One of our local billionaires made a couple of significant biotech investments this week, while one of the venerable names from the biotech scene faded away.
—The Bill & Melinda Gates Foundation made its first-ever direct equity investment in a for-profit biotech company last week, when it plunked down $10 million on Research Triangle Park, NC-based Liquidia Technologies. As the foundation’s Doug Holtzman explained to me in an exclusive interview, this deal was crafted to provide maximum flexibility so Liquidia can build out its technology for making vaccines against various scourges of the developing world—instead of being hemmed in to carry out work on one specific project. Separately, my Boston colleague Ryan McBride reported on how Gates personally invested in Cambridge, MA-based Nimbus Discovery, which is seeking to use computer models to improve drug discovery.
—Seattle-based Targeted Genetics is no longer Seattle-based Targeted Genetics. The venerable gene therapy company is now based out of London, goes by the new name AmpliPhi Biosciences, and is primarily focused on anti-bacterial drugs. It’s the end of an era for one of the region’s important companies of the 1990s and early 2000s.

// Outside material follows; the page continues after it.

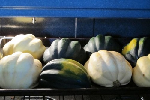 I also looked into purchasing some pre-slaughtered acorn squash, white and green, at the local coop. They were good roasters and had led a happy, local life, I was told.

—Calypso Medical Technologies looked to be on the cusp of big things when it raised $50 million in venture capital in September 2009, but it was actually going through hard times, as I explained in a feature story this week. The Seattle-based medical device company struggled through a tough couple of years when hospitals were unwilling to spend big bucks for its radiation-pinpointing technology for prostate cancer, although the new CEO says hospitals are feeling more confident about spending now that the federal healthcare reform law has passed and the stock market is up.
—The Seattle-based Institute for Systems Biology struck yet another collaboration this week, this time through a partnership with Covance to study brain tumors. Terms weren’t disclosed.
—About 1,000 people turned out for the big Life Science Innovation Northwest conference last week put together by the Washington Biotechnology & Biomedical Association, making this the biggest local biotech event in years—or maybe ever. I didn’t have any one major scoop from this confab, but I put together a half-dozen mini-scoops of new information on small companies presenting at this year’s conference. Here are a few companies that I paid close attention to—PhaseRx, Cardiac Insight, Acqueduct Neurosciences, and Integrated Diagnostics.
—This week’s edition of the BioBeat column, now a regular Monday feature, focused on the state of dysfunction in the IPO market for new biotech companies.
—Lastly, we had a guest editorial from Stewart Lyman about how biotech companies sometimes seek advice for all the wrong reasons. If you don’t already, this post will make you think twice about whether to be impressed when a company brags about how it has a Nobel Laureate or two on its scientific advisory board.